■ **What this task involves**: Every record that follows is to be copied exactly, with the pictures omitted.

[Stored data]
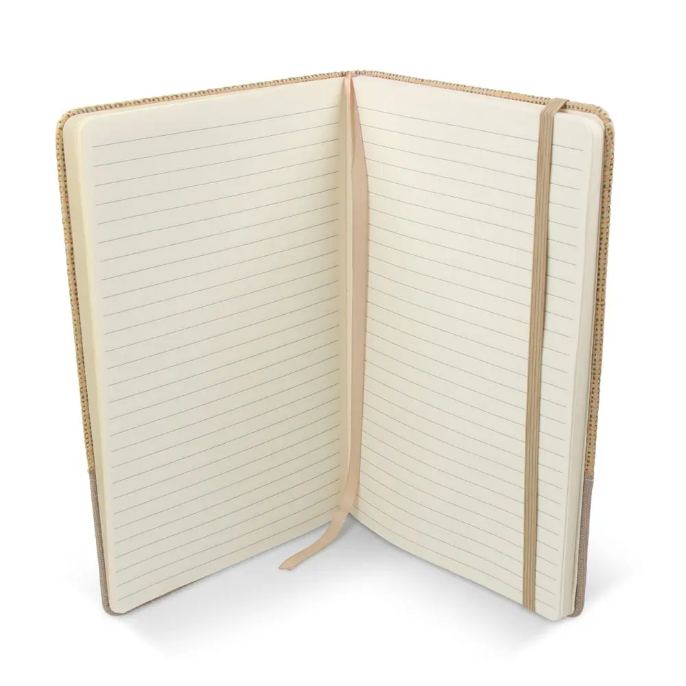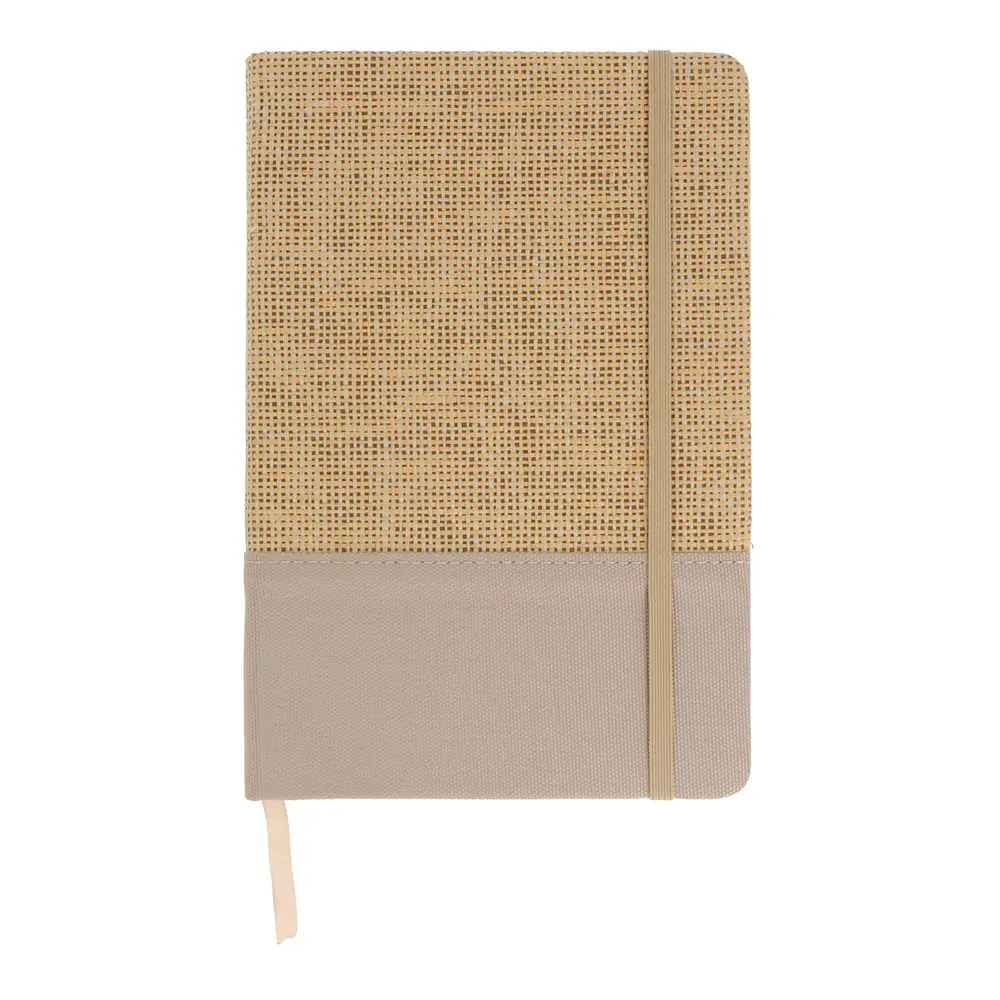 Ontdek een stijlvol notitieboek dat duurzaamheid viert met een cover van jute en R-PET, gecombineerd met FSC-gecertificeerde pagina's. Dit product is ideaal voor uw marketingcampagnes en events, waar u het kunt personaliseren met logobedrukking om uw merk te promoten.
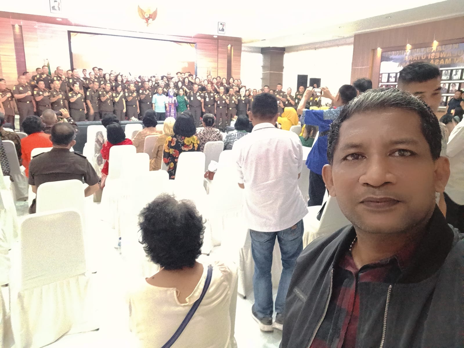 Manado — Penggiat anti korupsi, Robby Manery, menghadiri acara pisah sambut Kepala Kejaksaan Tinggi (Kejati) Sulawesi Utara, dari pejabat lama kepada pejabat baru, Jacob Hendrik Pattipeilohy, S.H., M.H.
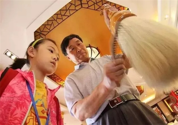 2017年6月10日,在山东烟台毓璜顶公园非遗体验中心,省级非遗项目“莱州毛笔”传承人张庆林向小朋友展示毛笔的制作和保养方法
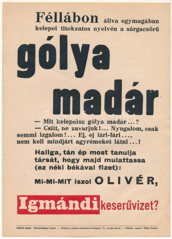 "Gólya madár (...)", Igmándi keserűvíz kisplakát, papír, Glo... https://www.darabanth.com/de/45-Gross-Auktion/45.1/Poster/Poster~19003/Golya-madar-Igmandi-keseruviz-kisplakat-papir-Globus-Nyomda-Bp-lapszeli-egesz~II3447170
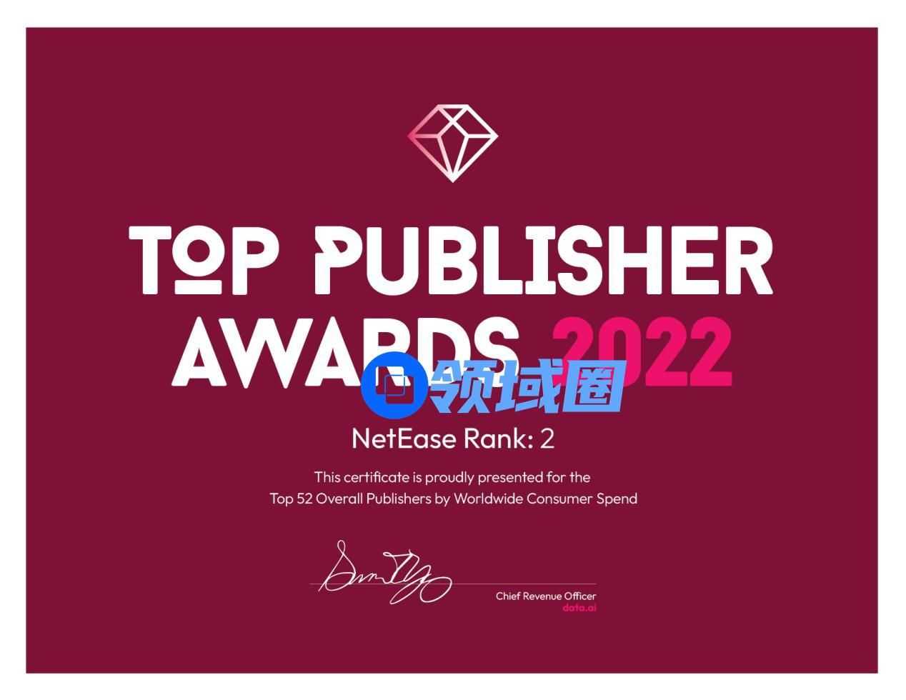 4月13日,data.ai发布了2022 Level Up年度全球发行商52强榜单(“2022 Level Up Top Publisher Awards”)。网易游戏凭借过去一年优异的市场表现,荣获52强中的第2名。值得一提的是,这已经是网易游戏连续第五年蝉联该榜单第2名,也从侧面印证了其稳定且持久的国际影响力。
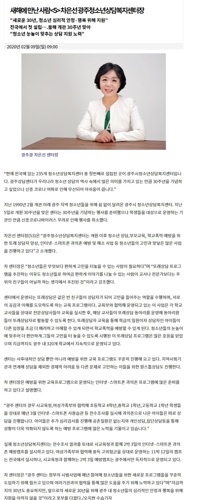 2020.02.09[Àü³²¸ÅÀÏ]»õÇØ¿¡ ¸¸³ »ç¶÷<5>Â÷Àº¼± ±¤ÁÖû¼Ò³â»ó´ãº¹Áö¼¾ÅÍÀå
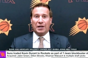 24直播网讯 太阳老板伊什比亚评价与火箭的交易,称杜兰特不适合球队未来发展方向,但满意换回的球员,包括意志坚强的狄龙·布鲁克斯、潜力新星杰伦·格林及多个选秀权。他表示球队将展望未来,不沉湎过去,对菲尼克斯的未来发展感到乐观。
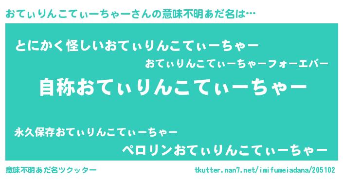 | 女子向けラノベタイトル風あだ名 | 『おてぃりんこてぃーちゃーアンティーク』 |

■ **The completed task**:
 Ontdek een stijlvol notitieboek dat duurzaamheid viert met een cover van jute en R-PET, gecombineerd met FSC-gecertificeerde pagina's. Dit product is ideaal voor uw marketingcampagnes en events, waar u het kunt personaliseren met logobedrukking om uw merk te promoten.
 Manado — Penggiat anti korupsi, Robby Manery, menghadiri acara pisah sambut Kepala Kejaksaan Tinggi (Kejati) Sulawesi Utara, dari pejabat lama kepada pejabat baru, Jacob Hendrik Pattipeilohy, S.H., M.H.
 2017年6月10日,在山东烟台毓璜顶公园非遗体验中心,省级非遗项目“莱州毛笔”传承人张庆林向小朋友展示毛笔的制作和保养方法
 "Gólya madár (...)", Igmándi keserűvíz kisplakát, papír, Glo... https://www.darabanth.com/de/45-Gross-Auktion/45.1/Poster/Poster~19003/Golya-madar-Igmandi-keseruviz-kisplakat-papir-Globus-Nyomda-Bp-lapszeli-egesz~II3447170
 4月13日,data.ai发布了2022 Level Up年度全球发行商52强榜单(“2022 Level Up Top Publisher Awards”)。网易游戏凭借过去一年优异的市场表现,荣获52强中的第2名。值得一提的是,这已经是网易游戏连续第五年蝉联该榜单第2名,也从侧面印证了其稳定且持久的国际影响力。
 2020.02.09[Àü³²¸ÅÀÏ]»õÇØ¿¡ ¸¸³ »ç¶÷<5>Â÷Àº¼± ±¤ÁÖû¼Ò³â»ó´ãº¹Áö¼¾ÅÍÀå
 24直播网讯 太阳老板伊什比亚评价与火箭的交易,称杜兰特不适合球队未来发展方向,但满意换回的球员,包括意志坚强的狄龙·布鲁克斯、潜力新星杰伦·格林及多个选秀权。他表示球队将展望未来,不沉湎过去,对菲尼克斯的未来发展感到乐观。
 | 女子向けラノベタイトル風あだ名 | 『おてぃりんこてぃーちゃーアンティーク』 |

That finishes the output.